I had to step out of the room for a few to try to pull my shit together but I was in tears.

They tried another shot of glucagon after 15 minutes and nothing happened. That’s when they got out the sugar-water and finally her blood sugar started going up to normal levels.

Whew!

Finally the hummingbird was stable but we had an appointment with her doctor at Stanford the next day so we stayed in a hotel that night.

First we hit a Mexican restaurant so this mama could down some margaritas and then we had to listen to an older couple in the booth behind us have this huge argument. It was intense and the guy was dropping f-bombs like crazy.

Sure, my favorite word is fuck but damn, he was doing it in a public place with families all around. It took all I had not to say something to this guy.

Come to mama!

Come to mama!

Back at the hotel, the hummingbird wasn’t quite sure of her new surroundings for the night. The hubby and I were about to drop dead from the stress and exhaustion from the day and the hummingbird just wanted to zoom around the room.

I was crashed on the bed and woke up to the bird running around the room and turning on and off the lamps. Then she would run to the cheapo microwave, turn it on (it was on defrost) with the knob, let it run for a few seconds until it beeped, and she would continue this routine several times.

Finally when we got her to bed, she slept with me and I spend the night with her kicking the shit out of me. That girl is a violent little sleeper.

The next day, we went to see her doctor at Stanford and we found out after all of this time of thinking she’s hypoglycemic, she’s actually not but could have something that’s similar but rare.

My first thought after hearing this was “Fuck me gently with a chainsaw!” and it took all I had to not blurt it out in front of the doctor.

Her doctor really has no idea what could be wrong and now we are back to square one. She’s contacted a metabolic specialist at the children’s hospital in Philadelphia and that’s where we are at now.

The one new thing they want us to do though is give her uncooked cornstarch every night before bed. It’s a carb that slowly releases into the blood stream that can help prevent the occasional dips in the hummingbird’s blood sugar.
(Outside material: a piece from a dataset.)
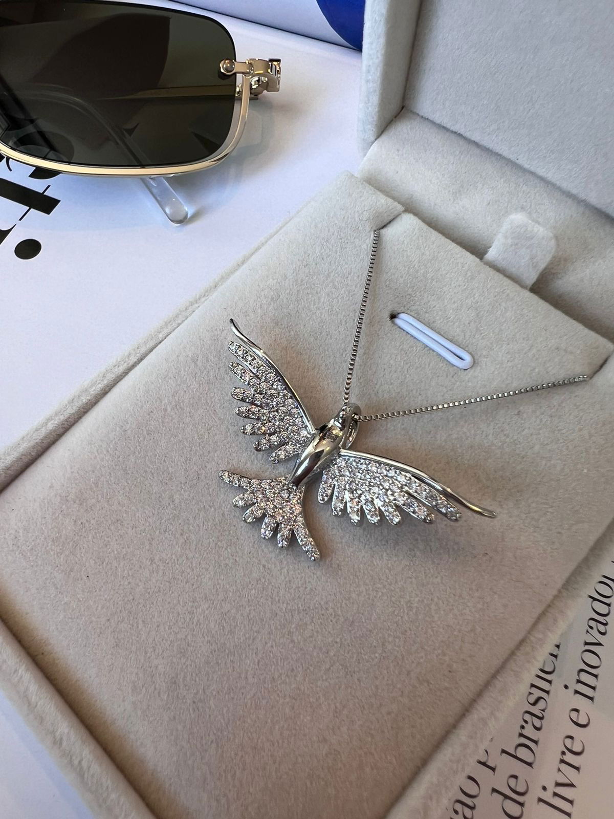 Colar Espírito Santo com Zircônia em Banho de Ródio Branco

The real kicker is that they want us to build up and give her four fucking tablespoons at night and mix it in yogurt or pudding.

Yes, four fucking tablespoons. Ummm, we haven’t succeeded yet and I’m not at all surprised. That shit is nasty, yo.

So, while we thought this fasting and hospitalization was going to give us more answers, we are now left with more questions than ever. Fortunately the little bird has been back to herself and we haven’t had any issues with her blood sugar dropping yet.

She has a 4th birthday coming up next month and is so excited. I very much welcome the distraction from all of these medical issues.

Plus, damn, that hot male nurse really helped. Also, everyone at Stanford was excellent!!